* [Task to carry out]: Consider the listing below. Extract exactly the lines from the line containing "8月18日,河曲縣舊縣鄉(x" to the line containing "La próxima semana, muchas", both included.

------ Records for the task

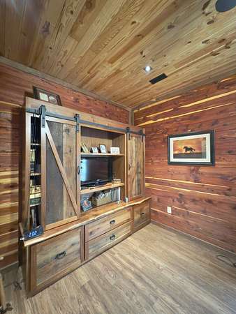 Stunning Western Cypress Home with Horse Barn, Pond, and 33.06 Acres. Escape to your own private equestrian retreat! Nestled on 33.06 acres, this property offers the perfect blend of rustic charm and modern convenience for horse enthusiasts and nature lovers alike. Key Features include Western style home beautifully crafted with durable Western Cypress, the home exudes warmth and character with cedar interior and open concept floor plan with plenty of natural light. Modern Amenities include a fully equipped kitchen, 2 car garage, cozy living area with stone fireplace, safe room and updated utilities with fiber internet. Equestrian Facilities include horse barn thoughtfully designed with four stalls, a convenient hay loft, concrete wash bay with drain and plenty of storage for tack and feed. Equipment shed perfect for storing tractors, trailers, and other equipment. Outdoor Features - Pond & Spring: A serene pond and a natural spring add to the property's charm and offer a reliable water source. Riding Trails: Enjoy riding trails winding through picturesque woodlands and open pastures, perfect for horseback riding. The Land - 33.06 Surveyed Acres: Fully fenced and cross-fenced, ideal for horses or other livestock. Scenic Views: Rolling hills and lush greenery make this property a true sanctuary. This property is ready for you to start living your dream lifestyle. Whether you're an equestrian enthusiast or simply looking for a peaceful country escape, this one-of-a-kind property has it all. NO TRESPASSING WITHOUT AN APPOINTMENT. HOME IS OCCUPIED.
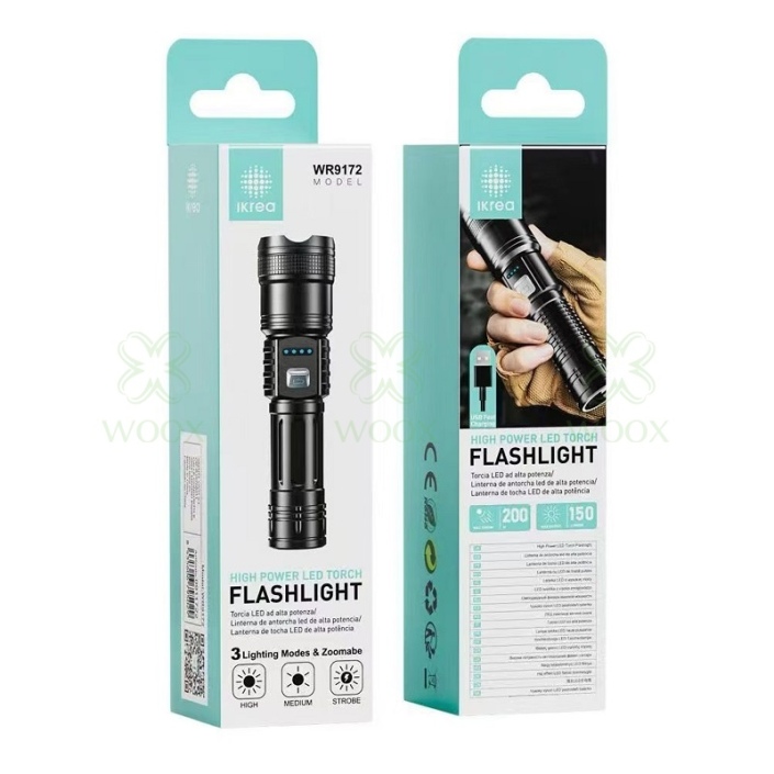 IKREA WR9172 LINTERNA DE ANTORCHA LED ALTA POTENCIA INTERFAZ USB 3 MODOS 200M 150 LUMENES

------------
------ Records for the task

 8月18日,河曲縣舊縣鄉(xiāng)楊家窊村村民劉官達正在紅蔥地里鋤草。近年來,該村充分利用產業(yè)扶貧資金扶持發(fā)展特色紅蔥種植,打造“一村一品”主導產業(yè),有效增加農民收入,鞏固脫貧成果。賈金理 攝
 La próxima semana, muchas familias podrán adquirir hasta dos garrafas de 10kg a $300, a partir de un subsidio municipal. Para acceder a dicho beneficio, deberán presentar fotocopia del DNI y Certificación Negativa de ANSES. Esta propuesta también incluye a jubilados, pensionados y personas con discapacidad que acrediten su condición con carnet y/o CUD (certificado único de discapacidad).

------------
------ Records for the task

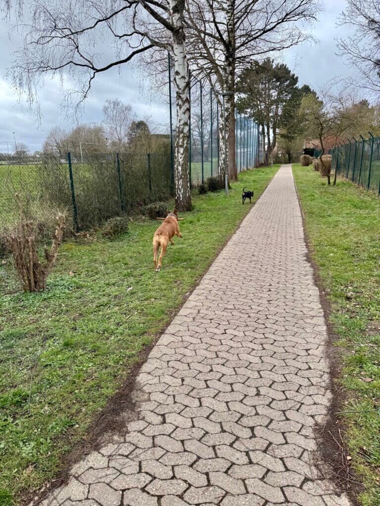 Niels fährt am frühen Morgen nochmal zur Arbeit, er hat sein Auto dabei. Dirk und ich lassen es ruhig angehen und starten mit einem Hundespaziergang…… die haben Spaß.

------------

* [Output]:
 8月18日,河曲縣舊縣鄉(xiāng)楊家窊村村民劉官達正在紅蔥地里鋤草。近年來,該村充分利用產業(yè)扶貧資金扶持發(fā)展特色紅蔥種植,打造“一村一品”主導產業(yè),有效增加農民收入,鞏固脫貧成果。賈金理 攝
 La próxima semana, muchas familias podrán adquirir hasta dos garrafas de 10kg a $300, a partir de un subsidio municipal. Para acceder a dicho beneficio, deberán presentar fotocopia del DNI y Certificación Negativa de ANSES. Esta propuesta también incluye a jubilados, pensionados y personas con discapacidad que acrediten su condición con carnet y/o CUD (certificado único de discapacidad).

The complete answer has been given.